All Projects → allenai → S2orc

allenai / S2orc

Licence: apache-2.0
S2ORC: The Semantic Scholar Open Research Corpus: https://www.aclweb.org/anthology/2020.acl-main.447/

Programming Languages

python
139335 projects - #7 most used programming language

S2ORC: The Semantic Scholar Open Research Corpus

S2ORC is a general-purpose corpus for NLP and text mining research over scientific papers.

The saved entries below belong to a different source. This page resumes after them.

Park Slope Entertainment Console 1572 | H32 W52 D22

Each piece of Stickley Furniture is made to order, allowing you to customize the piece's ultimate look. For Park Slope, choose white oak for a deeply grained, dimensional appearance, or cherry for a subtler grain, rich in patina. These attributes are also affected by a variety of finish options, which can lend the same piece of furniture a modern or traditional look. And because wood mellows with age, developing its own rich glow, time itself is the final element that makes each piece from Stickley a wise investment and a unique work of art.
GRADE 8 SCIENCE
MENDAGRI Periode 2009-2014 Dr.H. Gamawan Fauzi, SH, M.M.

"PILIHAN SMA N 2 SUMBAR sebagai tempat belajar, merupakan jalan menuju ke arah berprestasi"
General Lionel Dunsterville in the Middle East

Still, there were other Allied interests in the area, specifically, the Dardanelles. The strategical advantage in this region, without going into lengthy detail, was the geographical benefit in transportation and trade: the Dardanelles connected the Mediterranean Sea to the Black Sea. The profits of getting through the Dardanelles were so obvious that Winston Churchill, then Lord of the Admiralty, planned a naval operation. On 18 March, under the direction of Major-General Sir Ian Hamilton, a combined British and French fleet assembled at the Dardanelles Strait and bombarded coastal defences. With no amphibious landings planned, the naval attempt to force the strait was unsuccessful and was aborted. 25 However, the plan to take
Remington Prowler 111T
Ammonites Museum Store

  • We've curated a unified resource that combines aspects of citation graphs (i.e. rich paper metadata, abstracts, citation edges) with a full text corpus that preserves important scientific paper structure (i.e. sections, inline citation mentions, references to tables and figures).
  • Our corpus covers 136M+ paper nodes with 12.7M+ full text papers and connected by 467M+ citation edges by unifying data from many different sources covering many different academic disciplines and identifying open-access papers using services like Unpaywall.

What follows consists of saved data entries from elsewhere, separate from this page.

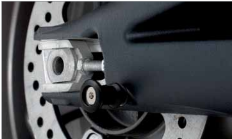
PADDOCK STAND BOBBINS - BLACK Black anodized paddock stand bobbins developed for use with hook type paddock stands.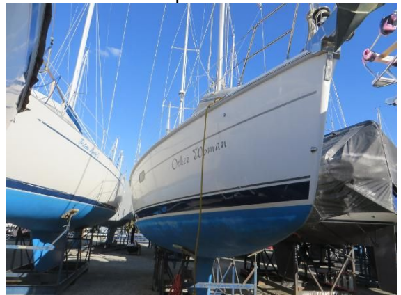
Top side III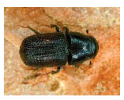
Figure 3: Top view of adult MPB (actual size, 1/8 to 1/3 inch).

Mountain pine beetle has a oneyear life cycle in Colorado. In late summer, adults leave the dead, yellow- to red-needled trees in which they developed. In general, females seek out large diameter, living, green trees that they attack by tunneling under the bark. However, under epidemic or outbreak conditions, small diameter trees may also be infested. Coordinated mass attacks by many beetles are common. If successful, each beetle pair mates, forms a vertical tunnel (egg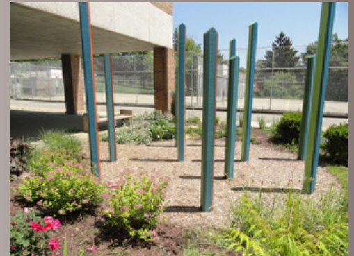
PHS award-winning natural playspaces at Weil (left) and Carmalt (right)

The PHS Community Greening Award is an annual recognition that acknowledges greening and beautification projects that benefit communities throughout the mid-Atlantic region. PHS judges rated each green space on plant variety, design, use of space and horticultural practices. Each winning school received a certificate and an honorary sign to place in the green space.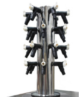
LSPM24 24-Port SS Drying Manifold

UK designed, manufactured and supported, the LyoDry Benchtop Pro offers a superior, keenly priced, freeze drying solution with enhanced functionality, ideal for freeze drying a wide variety of samples.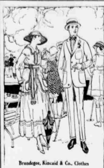
Brandegee, Kincaid & Co., Clothes

It is an important function of live stock on the farm to furnish a market for the crops grown, enabling farmers to convert the grasses, forage crops, legumes, and so on, into higher-priced finished products and to return to the soil the plant food taken from it.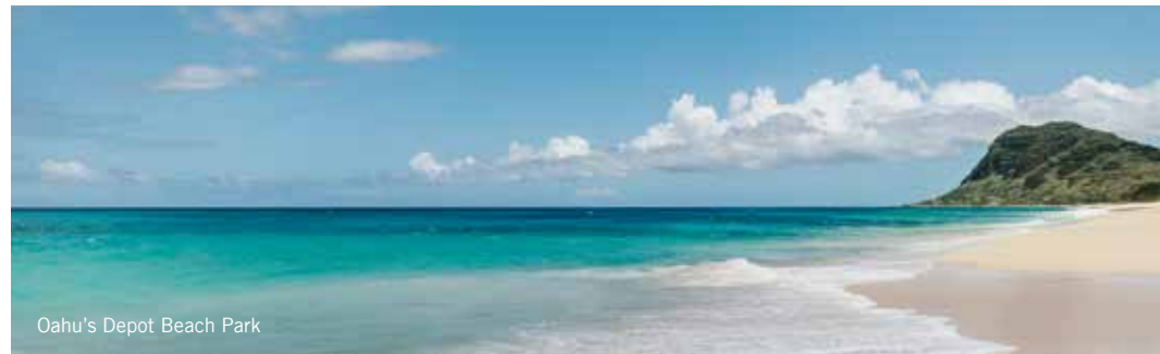
Oahu's Depot Beach Park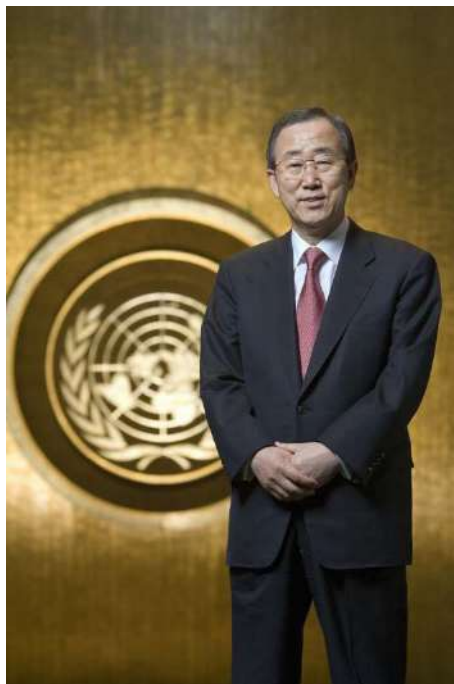
UN Secretary General BAN Ki-moon

For more details, see our ACL 2020 paper or watch our 12 min ACL 2020 talk.

For an example snippet of data, see the data/ directory in this repo.

News

  • Feb 2021 - Released s2orc-doc2json to support parsing of PDF and LaTeX to JSON format.

Project status

We just released a new version, so are currently getting feedback from users, and supporting use of the corpus internally/externally for other projects. There are a few things on our TODO list.

Short-term

  1. Refactoring LaTeX parser & doing a LaTeX release. This includes special handling of things we didn't consider before, like nested section headers and representing bullet-lists as paragraphs.

  2. Adding other joined metadata, like arXiv categories.

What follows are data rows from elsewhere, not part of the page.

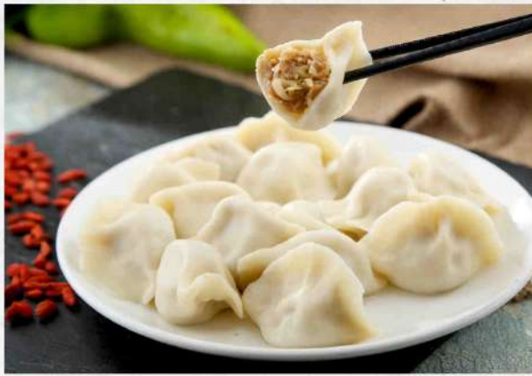
猪肉白菜/20个 $ 19.80 Pork and cabbage/20pcs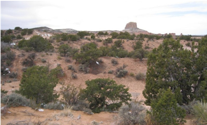
Figure 14. Shrub and Trees

This plant community is characterized by a decline of perennial cool season grasses and an increase of shrubs, especially half shrubs and succulents. Trees cover (up to 25% canopy) may also increase, especially on cooler aspects. Grasses expected to increase are blue grama, galleta, sand dropseed, sandhill muhly and threeawns. Common shrubs include snakeweed, rabbitbrush, mormon tea, cacti, antelope bitterbrush and dune broom.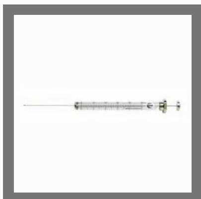
LC Autosampler Syringes - 005715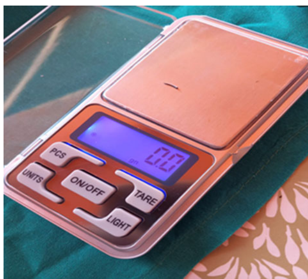
Figure 2. Different sizes of surgical needle fragments are weighed on a digital scale.

Quantitative variables were assessed by calculating the arithmetic mean and standard deviation values. Group differences were assessed using a two-sample paired t -test, or a Mann–Whitney U rank sum test if the variable was not

  3. Releasing the Grobid and LaTeX parsers publicly. - Released s2orc-doc2json on Feb 2021

  4. Updating the logic around paper de-duplication to prioritize ACL draft over arXiv preprint draft, when possible.

  5. Integrating PMC XML parses as well.

Medium-term (some work has started, but too early to tell)

  1. Graph traversal in S2ORC is difficult due to its size. We're currently thinking of ways to make it easier to traverse the citation graph.

  2. We're investigating computer-vision tools to clean up the Grobid parser output.

  3. A PDF-to-S2ORC JSON service. - See s2orc-doc2json

Longer-term (thinking about it, but won't be for a while)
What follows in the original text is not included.